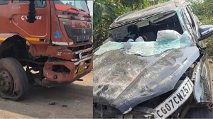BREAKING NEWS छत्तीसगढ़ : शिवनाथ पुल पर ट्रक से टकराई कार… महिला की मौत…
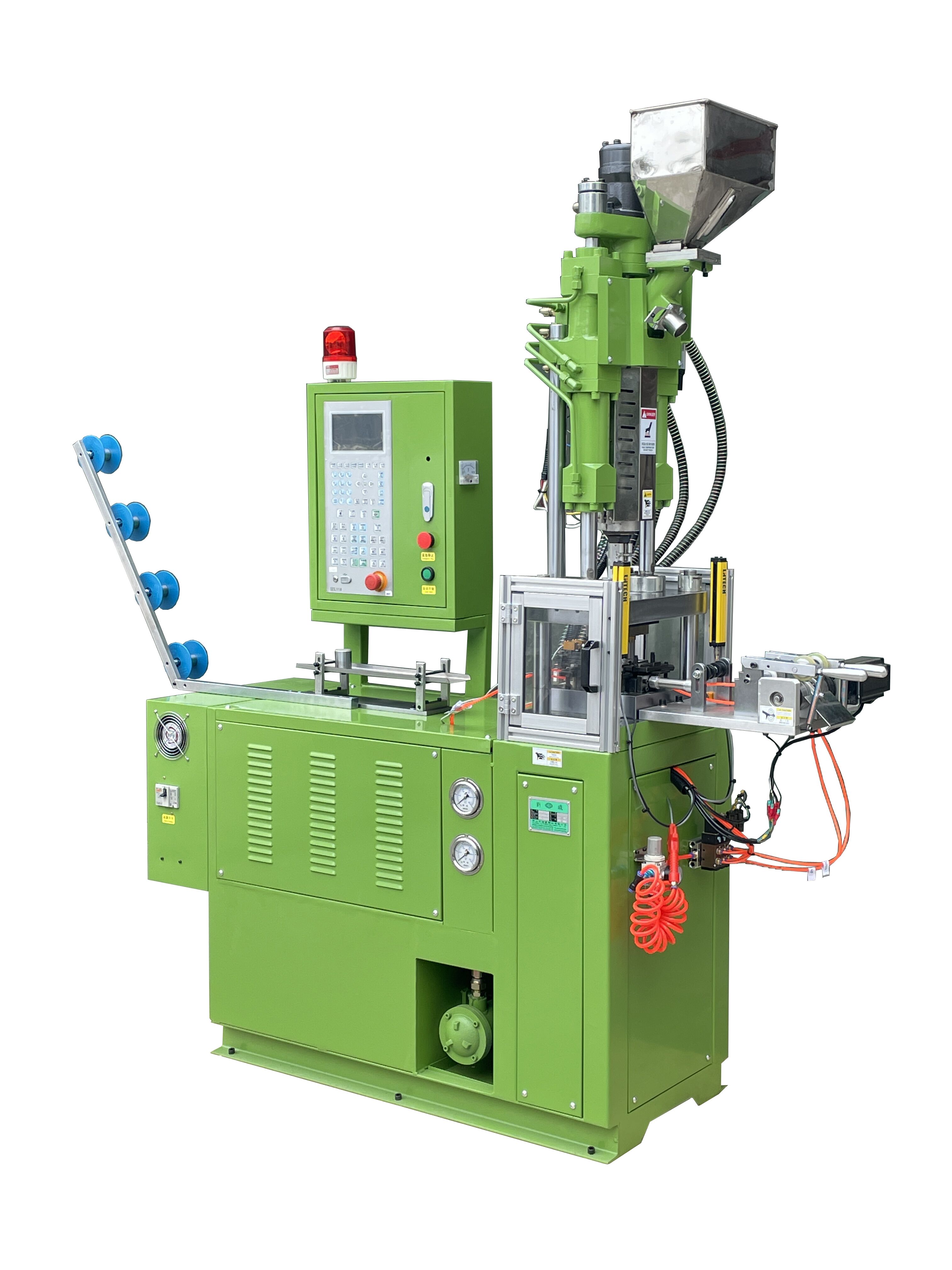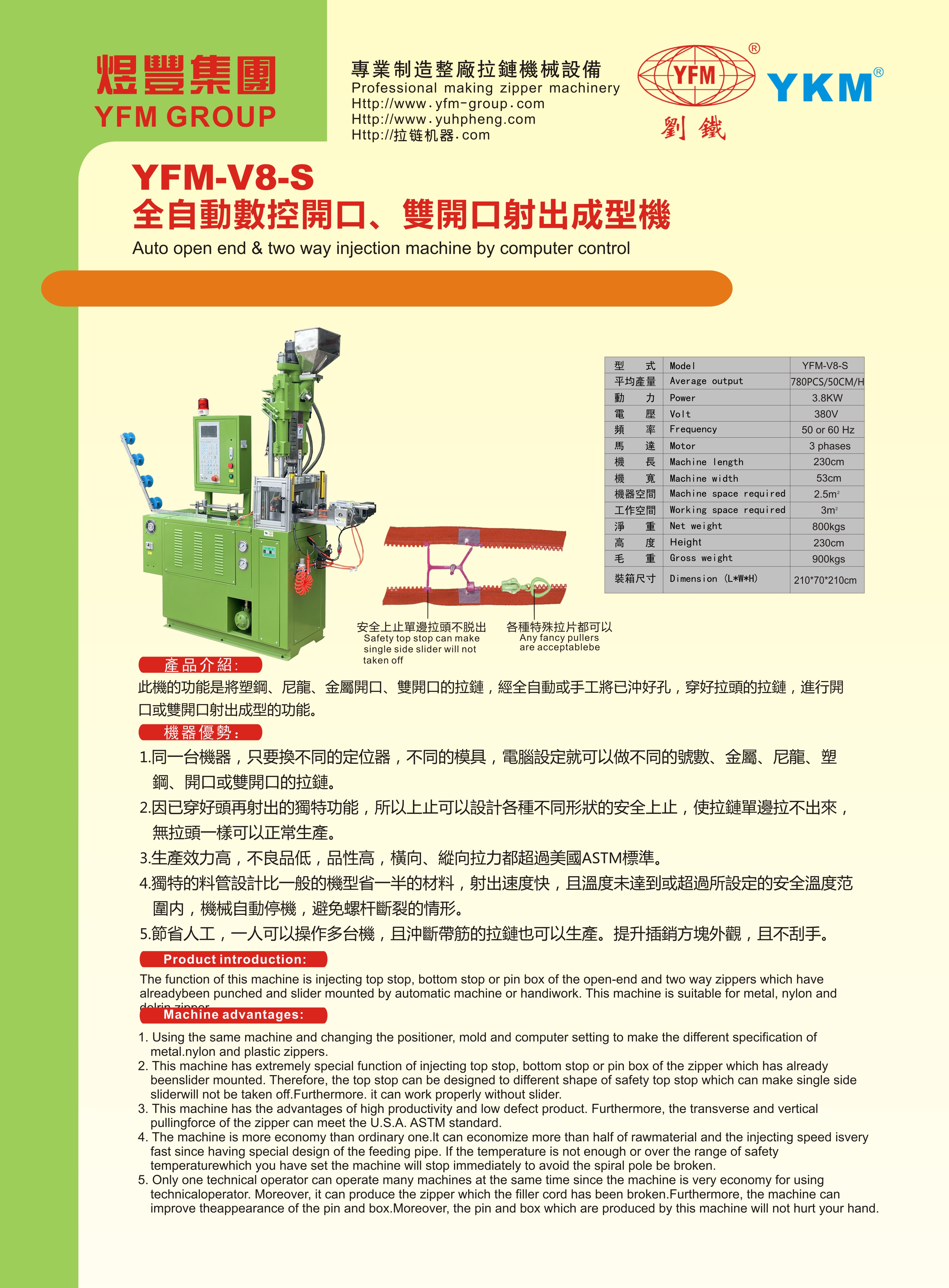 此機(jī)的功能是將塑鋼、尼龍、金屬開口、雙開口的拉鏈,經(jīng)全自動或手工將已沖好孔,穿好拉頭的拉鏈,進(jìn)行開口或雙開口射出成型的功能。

☆ ☆ ☆ ☆

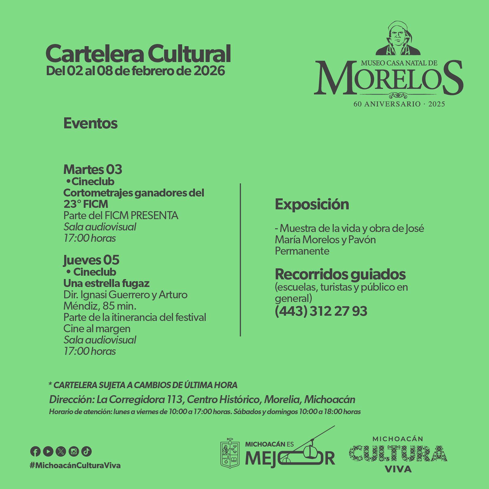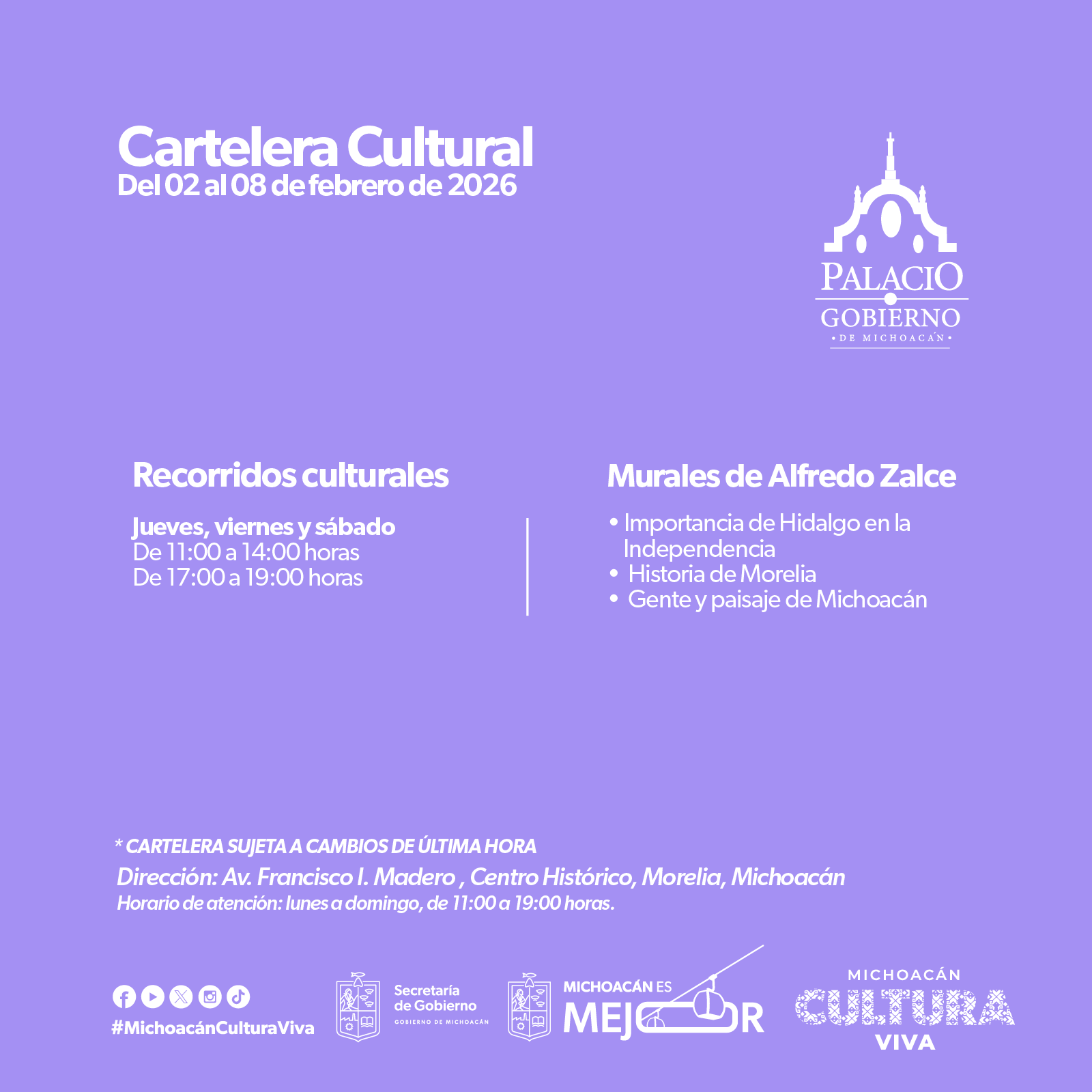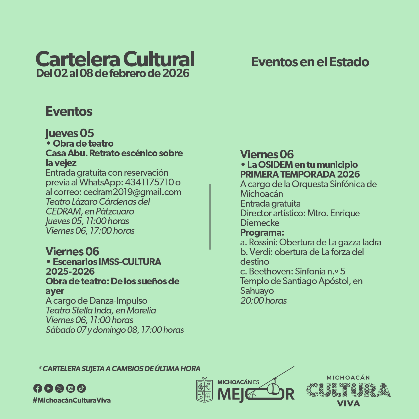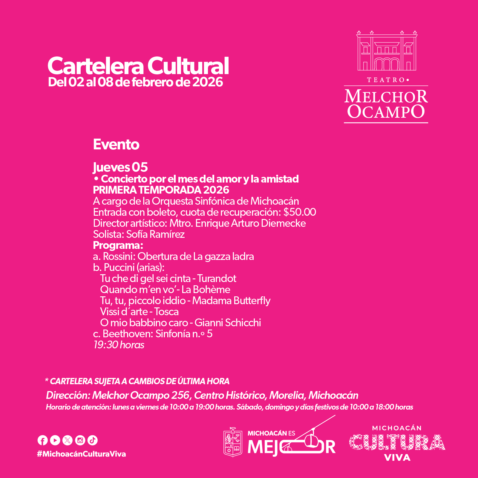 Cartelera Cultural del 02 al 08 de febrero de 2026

☆ ☆ ☆ ☆

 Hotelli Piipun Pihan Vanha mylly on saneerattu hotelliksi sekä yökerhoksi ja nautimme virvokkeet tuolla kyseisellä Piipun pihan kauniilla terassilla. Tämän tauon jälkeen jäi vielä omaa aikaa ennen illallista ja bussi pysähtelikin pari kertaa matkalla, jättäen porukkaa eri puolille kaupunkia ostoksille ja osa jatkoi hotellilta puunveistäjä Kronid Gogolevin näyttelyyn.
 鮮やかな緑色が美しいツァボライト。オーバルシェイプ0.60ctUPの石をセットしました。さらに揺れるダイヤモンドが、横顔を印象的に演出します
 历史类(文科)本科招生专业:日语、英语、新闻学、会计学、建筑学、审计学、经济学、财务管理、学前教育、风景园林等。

☆ ☆ ☆ ☆

§ **Instructions to follow**: Within the listing above, the lines from the one with "BREAKING NEWS छत्तीसगढ़" through the one with "此機(jī)的功能是將塑鋼、" are to be given again word for word. Do not include pictures.

§ **Exercise result**:
BREAKING NEWS छत्तीसगढ़ : शिवनाथ पुल पर ट्रक से टकराई कार… महिला की मौत…
 此機(jī)的功能是將塑鋼、尼龍、金屬開口、雙開口的拉鏈,經(jīng)全自動或手工將已沖好孔,穿好拉頭的拉鏈,進(jìn)行開口或雙開口射出成型的功能。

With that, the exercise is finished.